Provided material:
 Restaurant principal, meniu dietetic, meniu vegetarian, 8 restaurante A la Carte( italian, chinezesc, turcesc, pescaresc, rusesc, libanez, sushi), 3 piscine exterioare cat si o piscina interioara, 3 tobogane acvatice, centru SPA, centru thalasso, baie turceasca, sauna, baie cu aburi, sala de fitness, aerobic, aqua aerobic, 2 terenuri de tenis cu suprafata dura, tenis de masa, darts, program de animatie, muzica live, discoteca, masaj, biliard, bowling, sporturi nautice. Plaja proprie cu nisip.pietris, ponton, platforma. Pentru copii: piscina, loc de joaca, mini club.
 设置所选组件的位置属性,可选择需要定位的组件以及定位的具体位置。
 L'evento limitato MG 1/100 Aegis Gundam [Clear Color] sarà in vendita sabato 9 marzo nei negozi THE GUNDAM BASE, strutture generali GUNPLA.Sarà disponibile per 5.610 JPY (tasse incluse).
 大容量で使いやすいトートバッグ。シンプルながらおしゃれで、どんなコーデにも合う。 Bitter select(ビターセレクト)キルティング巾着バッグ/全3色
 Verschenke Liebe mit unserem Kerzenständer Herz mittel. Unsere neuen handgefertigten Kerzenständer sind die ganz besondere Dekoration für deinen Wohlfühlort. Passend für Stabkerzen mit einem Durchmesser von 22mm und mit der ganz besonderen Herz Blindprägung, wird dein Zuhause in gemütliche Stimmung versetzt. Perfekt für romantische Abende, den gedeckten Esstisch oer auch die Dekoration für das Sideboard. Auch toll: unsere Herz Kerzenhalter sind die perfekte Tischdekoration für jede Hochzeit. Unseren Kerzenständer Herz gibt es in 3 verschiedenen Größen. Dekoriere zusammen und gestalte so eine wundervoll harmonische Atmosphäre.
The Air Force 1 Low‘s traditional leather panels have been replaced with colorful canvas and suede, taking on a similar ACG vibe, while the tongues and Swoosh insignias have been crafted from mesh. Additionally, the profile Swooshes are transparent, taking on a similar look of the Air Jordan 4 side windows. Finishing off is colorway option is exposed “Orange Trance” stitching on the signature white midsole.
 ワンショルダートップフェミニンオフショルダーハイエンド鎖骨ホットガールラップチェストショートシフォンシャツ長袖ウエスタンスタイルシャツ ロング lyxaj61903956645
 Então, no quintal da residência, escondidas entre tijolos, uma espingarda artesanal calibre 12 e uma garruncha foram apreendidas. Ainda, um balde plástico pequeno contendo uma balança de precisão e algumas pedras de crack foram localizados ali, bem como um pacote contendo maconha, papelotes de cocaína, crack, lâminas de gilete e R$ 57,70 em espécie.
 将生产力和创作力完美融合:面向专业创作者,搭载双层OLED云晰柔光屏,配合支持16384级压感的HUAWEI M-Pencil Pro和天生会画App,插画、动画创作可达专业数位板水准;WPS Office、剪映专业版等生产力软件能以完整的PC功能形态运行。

What needs to be done: The reply should consist of the full listing, copied exactly.

Result below:
 Restaurant principal, meniu dietetic, meniu vegetarian, 8 restaurante A la Carte( italian, chinezesc, turcesc, pescaresc, rusesc, libanez, sushi), 3 piscine exterioare cat si o piscina interioara, 3 tobogane acvatice, centru SPA, centru thalasso, baie turceasca, sauna, baie cu aburi, sala de fitness, aerobic, aqua aerobic, 2 terenuri de tenis cu suprafata dura, tenis de masa, darts, program de animatie, muzica live, discoteca, masaj, biliard, bowling, sporturi nautice. Plaja proprie cu nisip.pietris, ponton, platforma. Pentru copii: piscina, loc de joaca, mini club.
 设置所选组件的位置属性,可选择需要定位的组件以及定位的具体位置。
 L'evento limitato MG 1/100 Aegis Gundam [Clear Color] sarà in vendita sabato 9 marzo nei negozi THE GUNDAM BASE, strutture generali GUNPLA.Sarà disponibile per 5.610 JPY (tasse incluse).
 大容量で使いやすいトートバッグ。シンプルながらおしゃれで、どんなコーデにも合う。 Bitter select(ビターセレクト)キルティング巾着バッグ/全3色
 Verschenke Liebe mit unserem Kerzenständer Herz mittel. Unsere neuen handgefertigten Kerzenständer sind die ganz besondere Dekoration für deinen Wohlfühlort. Passend für Stabkerzen mit einem Durchmesser von 22mm und mit der ganz besonderen Herz Blindprägung, wird dein Zuhause in gemütliche Stimmung versetzt. Perfekt für romantische Abende, den gedeckten Esstisch oer auch die Dekoration für das Sideboard. Auch toll: unsere Herz Kerzenhalter sind die perfekte Tischdekoration für jede Hochzeit. Unseren Kerzenständer Herz gibt es in 3 verschiedenen Größen. Dekoriere zusammen und gestalte so eine wundervoll harmonische Atmosphäre.
The Air Force 1 Low‘s traditional leather panels have been replaced with colorful canvas and suede, taking on a similar ACG vibe, while the tongues and Swoosh insignias have been crafted from mesh. Additionally, the profile Swooshes are transparent, taking on a similar look of the Air Jordan 4 side windows. Finishing off is colorway option is exposed “Orange Trance” stitching on the signature white midsole.
 ワンショルダートップフェミニンオフショルダーハイエンド鎖骨ホットガールラップチェストショートシフォンシャツ長袖ウエスタンスタイルシャツ ロング lyxaj61903956645
 Então, no quintal da residência, escondidas entre tijolos, uma espingarda artesanal calibre 12 e uma garruncha foram apreendidas. Ainda, um balde plástico pequeno contendo uma balança de precisão e algumas pedras de crack foram localizados ali, bem como um pacote contendo maconha, papelotes de cocaína, crack, lâminas de gilete e R$ 57,70 em espécie.
 将生产力和创作力完美融合:面向专业创作者,搭载双层OLED云晰柔光屏,配合支持16384级压感的HUAWEI M-Pencil Pro和天生会画App,插画、动画创作可达专业数位板水准;WPS Office、剪映专业版等生产力软件能以完整的PC功能形态运行。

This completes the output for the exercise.